SAN DIEGO, May 09, 2023 (GLOBE NEWSWIRE) -- Prometheus Biosciences, Inc. (Nasdaq: RXDX), a clinical-stage biotechnology company pioneering a precision medicine approach for the discovery, development, and commercialization of novel therapeutics for the treatment of immune-mediated diseases, today reported financial results for the quarter ended March 31, 2023.
Prometheus to be Acquired by Merck
On April 15, 2023, Merck and Prometheus Biosciences entered into a definitive agreement under which Merck, through a subsidiary, has agreed to acquire Prometheus for $200.00 per share in cash for a total equity value of approximately $10.8 billion.
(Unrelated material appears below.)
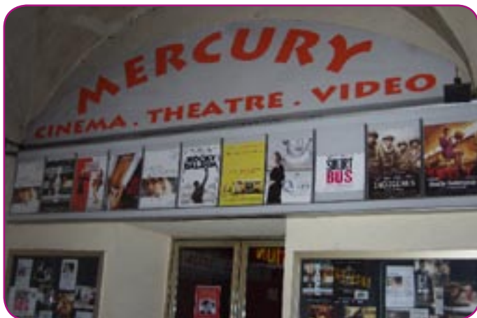
Le Mercury, 16, Place Garibaldi, 06 300 Nice

S ous les arcades de la place Garibaldi, un touriste anglais s'inquiète : « Can we see original version in this cinema ? » demande-t-il. Le voilà rassuré, ce week-end, il pourra voir « The Queen », que tout bon anglais qui se respecte se doit de l'avoir vu, dans sa langue maternelle. Le cinéma Mercury, datant de 1972, situé Place Garibaldi, est racheté par le Conseil Général. Cette transaction, annoncée lundi, empêche ainsi la disparition d'un des patrimoines de la ville. Ce cinéma d'art et essai propose des salles intimistes et une programmation toujours plus variée. Il comprend une grande salle de 84 places et trois plus petites. Malgré l'espace exiguë et la moquette ancienne, il incite à redécouvrir une ambiance typique des années 1970, tout en faisant du lieu un des temples niçois de la culture.

The transaction is expected to close in the third quarter of 2023.
FIRST QUARTER 2023 FINANCIAL RESULTS
Cash, Cash Equivalents and Short-term Investments. As of March 31, 2023, Prometheus Biosciences had cash, cash equivalents and short-term investments of $713.7 million, compared to $695.8 million at the end of Q4 2022.
Collaboration Revenue. Revenue was $1.1 million for the three months ended March 31, 2023 compared to $3.9 million for the three months ended March 31, 2022 primarily due to timing of Falk Collaboration development efforts subject to 25% reimbursement.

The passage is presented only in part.